平成16年の文化財保護法改正により生まれた新しい文化財のジャンルである文化的景観は、全国的にはどちらかといえば第一次産業により形成された景観の評価を中心に進められ、都市的な景観についてはまだまだ遅れている状況です。
本報告書は、平成22~25年度にかけて、鴨東の岡崎の地を対象として、都市的な景観をどのように捉えるかについて調査・検討した報告書です。
現在、美術館や動物園、またホールなど、数々の文化施設が集中する岡崎は、明治に開削された琵琶湖疏水がもたらした、近代京都の象徴的な場所です。疏水は運輸だけでなく、豊かな水を利用した工業を促進するとともに、流れる水を利用した近代庭園群の創出に欠かせないものでした。

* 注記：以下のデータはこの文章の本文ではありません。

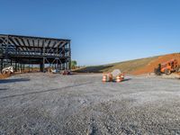 A sunny day at a construction site in the USA. Clear skies provide a backdrop for the steel building and office facility. Gravel and dirt surfaces surround the job site, with equipment and tracks visible.
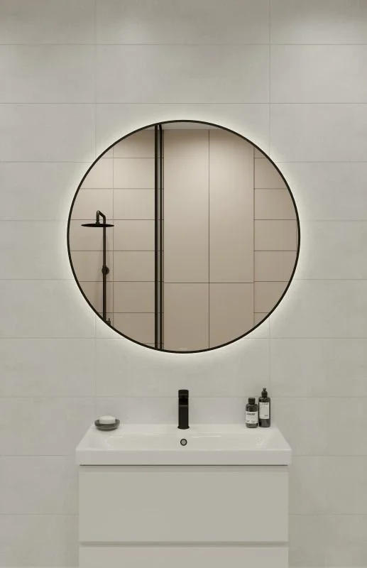 Зеркало Cersanit ECLIPSE (A64149) 100x100 с подсветкой круглое в черной рамке 64149
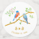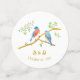 The birds remain still, sharing the moment—two gentle figures framed by the delicate colors of spring, embodying both contrast and harmony in the awakening season.
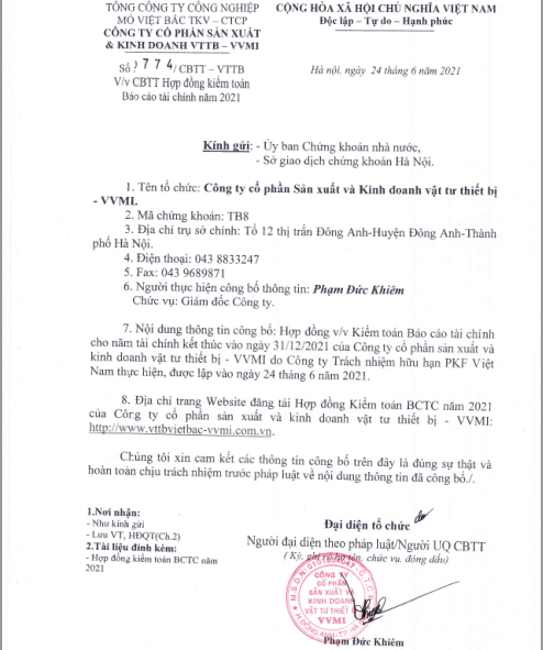 CBTT ( Ông VƯƠNG KHẮC TUẤN- TP KHVTTT được bổ nhiệm giữ chức vụ Phó GIám Đốc Cty CP SX và KD VTTB - VVMI kể từ ngày 16/8/2022 )
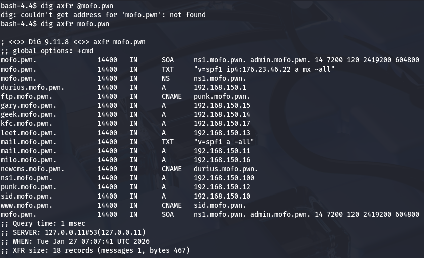 Looking at the DNS zone transfer contents displays two other subdomains with CNAME records. I doubt www has one because it is exposed to the web and we already enumerated ftp, so let’s check out newcms.mofo.pwn.
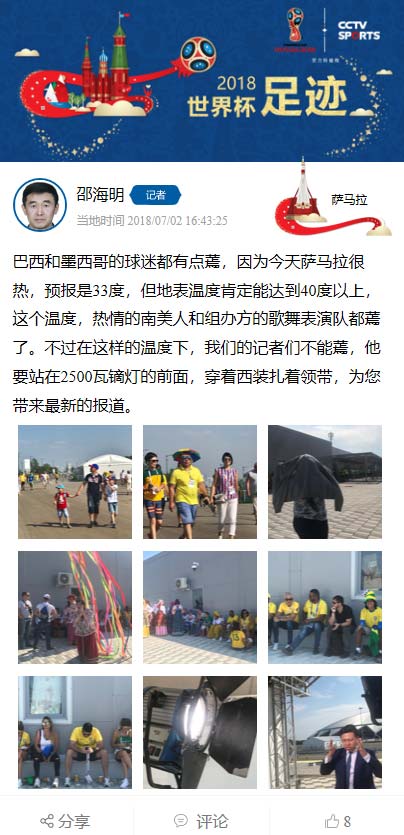 巴西队与墨西哥队的比赛在萨马拉进行,当天气温摄氏33度,地表温度接近40度。记者邵海明感慨:“他要站在2500瓦镝灯的前面,穿着西装扎着领带,为您带来最新的报道。”在如此的高温下工作,记者们不能有丝毫大意。
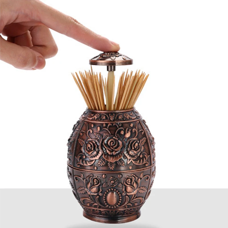 Держатель зубочисток автоматический нажимной Стильный ретро металлический Европейский ящик для Зубочисток контейнер для домашнего ресторана кафе клуба бара отеля использования
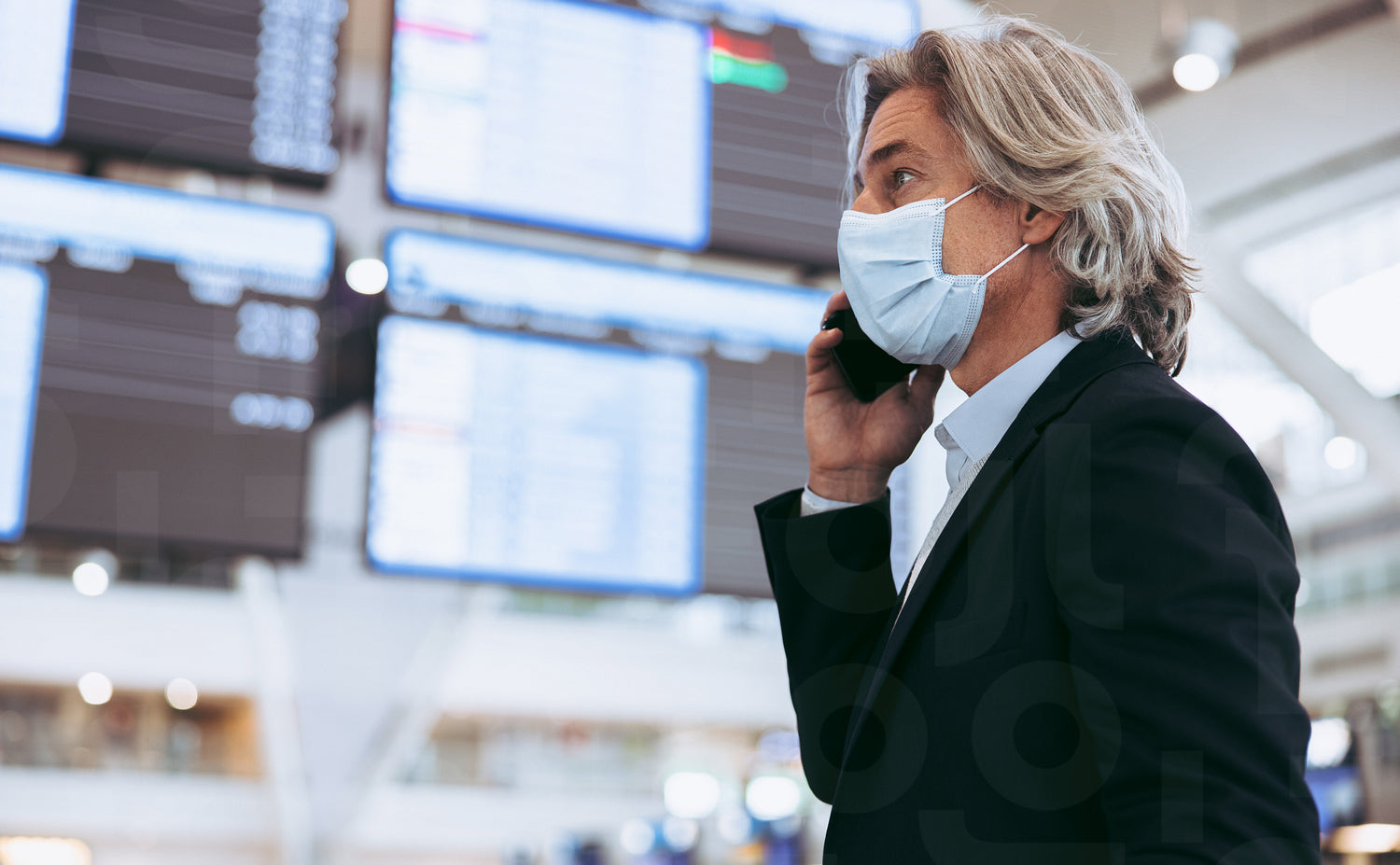 Man with protective face mask talking on cell phone while at airport. Mature businessman using phone at airport terminal. Air travel during covid-19 outbreak.
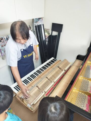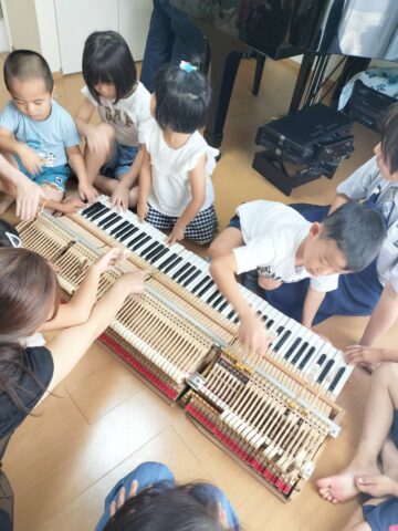 おはようの歌と自己紹介を兼ねたお名前呼びの後は皆さんお待ちかねのピアノ解体ショー
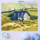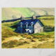 A pretty watercolor of a Welsh stone farmhouse nestling in the mountains of Wales UK.
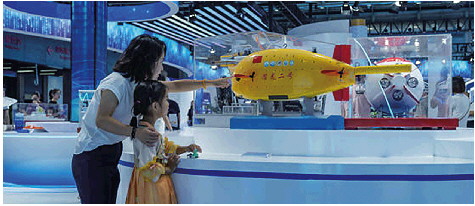 一位家长带着孩子在参观“蛟龙二号”模型。
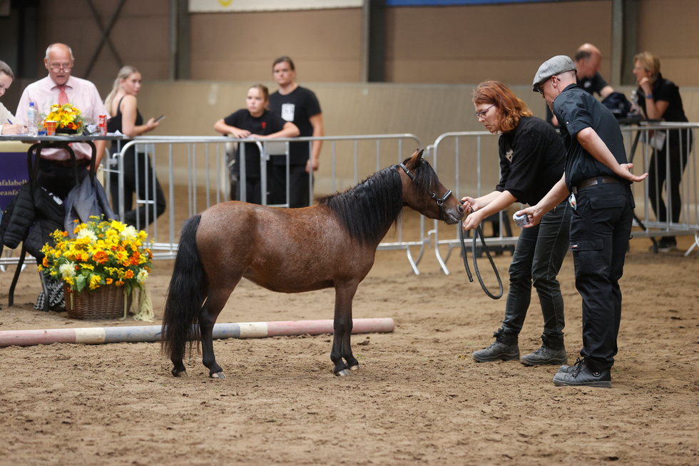 Goud 1ste premie Goedgekeurde hengst BRUIN PINTO 0,89m |
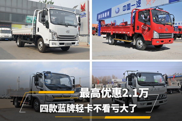 【卡车之家 原创】对于蓝牌轻卡的好处,我想各位卡友都有所了解。尽管受“大吨小标”事件影响,但合规轻卡仅就路权这一优势就是其他车型所比不了的。据了解,近期有不少地区的经销商正在对轻卡进行降价促销,小编搜集了四款轻卡车型,分别是江淮骏铃V6、福田奥铃速运、上汽跃进 超运C300-33、解放虎VN。
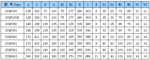 ![]() ZCQF型四氟自吸磁力泵外形安裝尺寸表: ![]()

都市は多様な価値が重なり合う場であり、ゆえにその文化的景観の把握は大変難しいものとなります。調査検討の結果、「京都岡崎の文化的景観」の特徴は、<都市における「景勝ヒンターランド」>と捉えられると規定しました。是非、一度ご覧下さい。
また、本報告書によって明らかにされた、京都岡崎の文化的景観の価値を、どのように守っていくのか、また守っていけばよいのかという議論・検討の成果をまとめたものが保存管理計画書です。本書は書籍としては刊行されていませんので、広く一般に公開するのはこのWEBページが初めてのことです。